How should conflicting results between different PIK3R1 antibody clones be reconciled?

When facing discrepancies between different PIK3R1 antibody clones:

• Epitope mapping analysis:

  • Determine the specific epitopes recognized by each antibody

  • Consider whether epitopes might be differentially accessible in various experimental conditions

  • Test whether post-translational modifications affect epitope recognition

• Validation hierarchy:

  • Prioritize results from antibodies with more extensive validation

  • Consider genetic approaches (siRNA, CRISPR) to confirm specificity

  • Test antibodies in systems with known PIK3R1 expression patterns

• Methodological considerations:

  • Evaluate whether discrepancies are application-specific (e.g., WB vs.

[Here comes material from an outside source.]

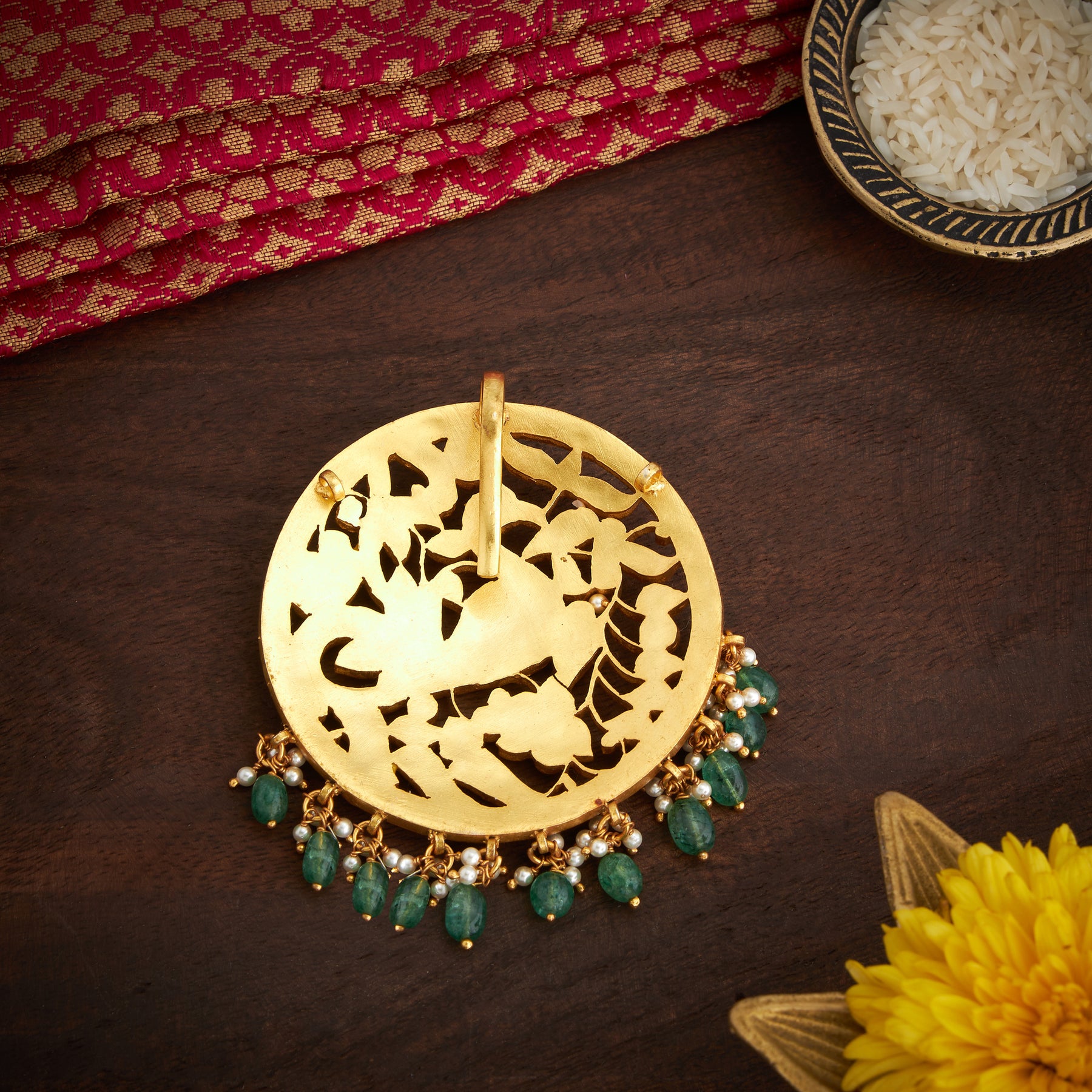 The Morikaara Pendant showcases intricate Peacock and Floral motifs, expertly crafted to highlight traditional artistry. Adorned with shimmering Kundan stones and complemented by elegant hangings of Emerald beads, this pendant brings a refined touch of regality to any ensemble. Ideal for those seeking a statement piece that blends heritage with sophistication.

IHC)

  • Assess fixation, antigen retrieval, or other technical variables

  • Test different lots of the same antibody to rule out batch effects

• Reconciliation approach:

  • Use multiple antibodies targeting different epitopes in parallel

  • Implement orthogonal detection methods (mass spectrometry, RNA analysis)

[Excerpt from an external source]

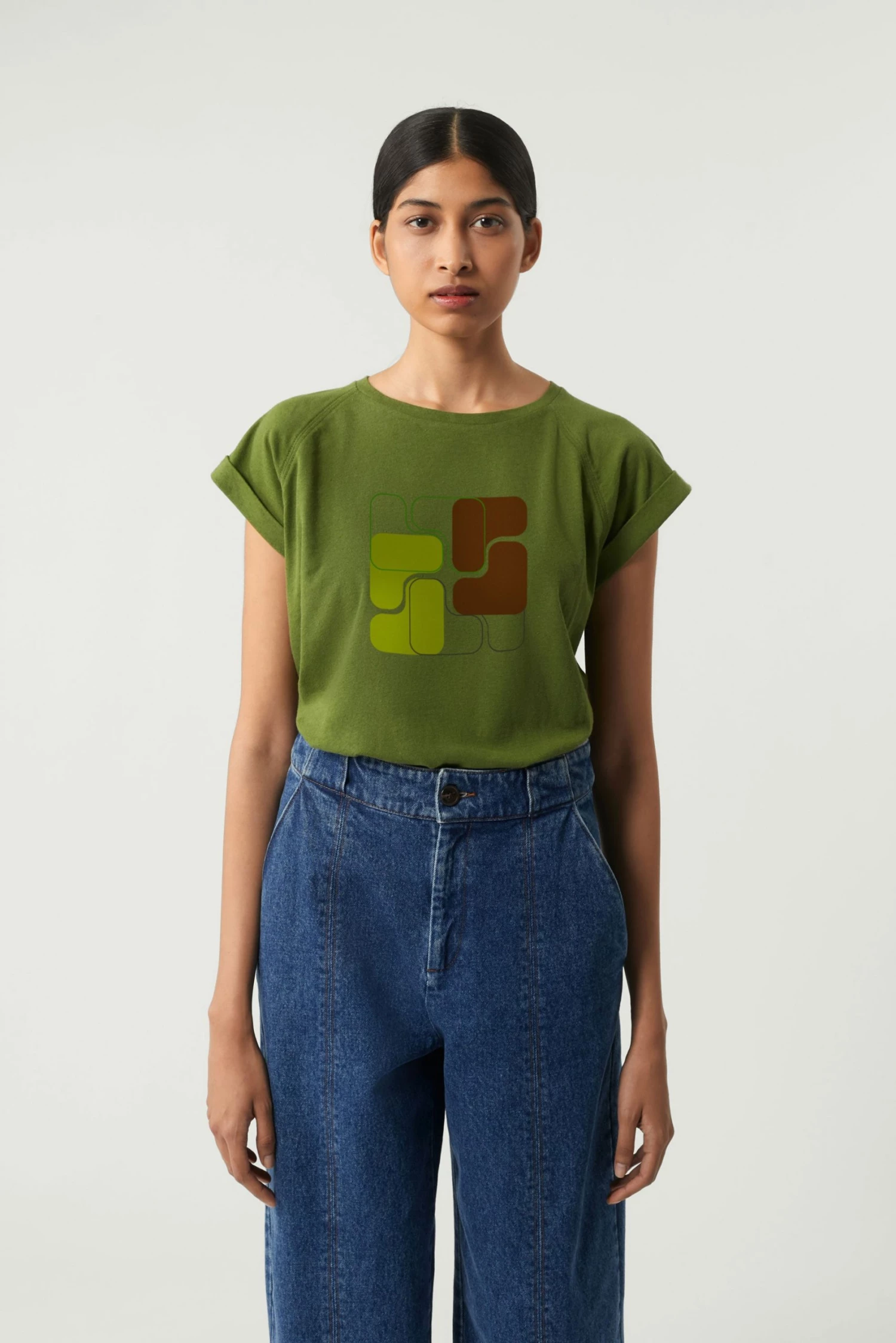 T-shirt sérigraphié en jersey de Coton et Lin vert

  • Consider whether discrepancies reveal biologically relevant information about protein conformation or interactions

This systematic approach transforms conflicting results into opportunities for deeper understanding of PIK3R1 biology.

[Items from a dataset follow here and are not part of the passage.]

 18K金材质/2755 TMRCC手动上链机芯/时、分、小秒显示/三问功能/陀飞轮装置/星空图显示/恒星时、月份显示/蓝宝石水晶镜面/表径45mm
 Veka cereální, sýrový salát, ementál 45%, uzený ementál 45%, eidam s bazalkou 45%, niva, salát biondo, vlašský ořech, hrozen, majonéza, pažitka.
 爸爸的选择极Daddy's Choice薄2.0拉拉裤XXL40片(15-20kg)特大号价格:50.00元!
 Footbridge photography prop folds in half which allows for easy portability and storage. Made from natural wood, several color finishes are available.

What are the best practices for integrating PIK3R1 antibody data with other omics datasets?

For effective integration of antibody-based PIK3R1 data with other omics approaches:

• Multi-omics correlation analysis:

  • Compare protein expression (antibody-based) with mRNA levels (transcriptomics)

  • Correlate PIK3R1 protein levels with phosphoproteomics data for downstream effectors

  • Integrate with metabolomics to connect PI3K signaling to metabolic outcomes

• Temporal alignment considerations:

  • Account for time delays between transcriptional, translational, and post-translational events

  • Design time-course experiments with appropriate sampling for each data type

  • Apply time-series analysis methods to capture dynamic relationships

• Single-cell integration approaches:

  • Combine antibody-based flow cytometry with single-cell RNA-seq

  • Use computational methods like CITE-seq or cellular indexing of transcriptomes and epitopes

  • Apply dimensionality reduction and clustering to identify cell populations with distinct PIK3R1-related phenotypes

• Pathway-level integration:

  • Map antibody-detected PIK3R1 activation to pathway-level changes in transcriptomics data

  • Use knowledge-based approaches (Gene Ontology, pathway enrichment) to interpret integrated datasets

  • Apply network analysis to identify regulatory hubs connected to PIK3R1 function

This integrative approach provides a comprehensive understanding of PIK3R1's role within cellular signaling networks across multiple biological layers.